GCAA meeting regains momentum after lost year

By |  February 28, 2022
Photo: GCAA

The 2022 Georgia Construction Aggregate Association Management Workshop & Expo took place Feb. 23-24 in Atlanta. Photo: P&Q Staff

The Georgia Construction Aggregate Association (GCAA) hosted its Management Workshop & Expo last week, drawing more than 600 attendees to Cobb Galleria in Atlanta.

The GCAA event was last held in 2020, just ahead of the start of the pandemic.

“We feel great,” says Jeff Wansley, executive director of GCAA when asked about the expo’s turnout. “The numbers are about where we were in 2020. We had 11 new associate members who were here, so I think that shows you the enthusiasm and the business climate here in Georgia.”

Among the aggregate producing companies with representatives on hand at the Management Workshop & Expo were Columbus Quarry, Georgia Stone Products, Hanson Aggregates, Junction City Mining, Luck Stone, Martin Marietta, MidSouth Aggregates and Vulcan Materials.
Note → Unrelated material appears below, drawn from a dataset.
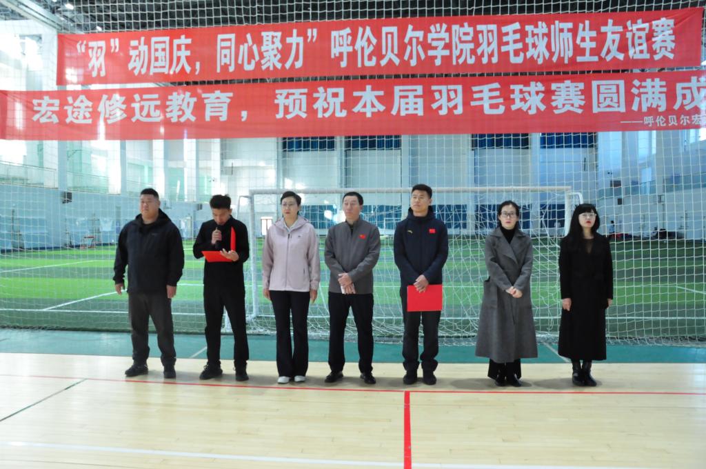 为迎接新一轮本科教育教学评估,全面提升学生综合素质,促进德智体美劳全面发展,10月11日,由校团委主办、体育学院(冰雪运动学院)承办的“羽动国庆,同心聚力”羽毛球师生友谊赛在东山足球馆举行。校团委书记王晓芳,体育学院(冰雪运动学院)党委书记胡日查毕力格、副书记凌占一,学院公共体育部主任关祥伟,团学办主任卜祥云、副主任张娜娜,赞助商呼伦贝尔宏途修远教育校长王洋参加开幕式。

With yet another COVID outbreak in the months leading up to the meeting, GCAA leaders found themselves at yet another crossroads as the Management Workshop & Expo dates approached.

“One of the things we kept battling was the balance of wanting to do this versus needing to do this,” says Kenny Knowles, vice president of Georgia operations at Vulcan Materials, who also serves as chair of GCAA’s Management Workshop & Expo Committee. “Everybody needed to do this to get back to normal.”

One challenge meeting planners had with this year’s expo was planning it so far in advance. Because GCAA did not host a Management Workshop & Expo in 2021, the attention of association leaders quickly shifted to their big 2022 meeting. Meeting planners selected the workforce as a meeting theme, and the topic remains highly relevant given the labor shortage Georgia producers continue to face.

“A year ago when we start planning this, little did we know that we would be in the labor crisis we’re in and the inflationary economy we are in now,” Knowles says.

Still, business remains good for Georgia’s aggregate producers despite a lack of regular industry meetings.

“As with other meetings we have been to, we can’t take all the credit because people are just happy to go to meetings,” says Wansley, adding that 88 associate member companies were present at the Management Workshop & Expo. “With a lot of these meetings, the associate members just haven’t had a ton of interaction since [the pandemic started] in 2020.”

Among those present at the Management Workshop & Expo was Gov. Brian Kemp (R-Georgia), who addressed GCAA members during a general session. Kemp touched on a number of variables that make Georgia one of the best states in the U.S. to do business in.

“We have the lowest unemployment rate of the 10 most populous states,” Kemp says. “I know everybody in the room could probably use more help – I hear that a lot – but we’re doing better than most. We have the most people ever in the history of this state who are working in the state of Georgia right now. We have the least amount of people on unemployment rolls than we’ve had since post-9/11. And our economic development pipeline has been absolutely off the charts.”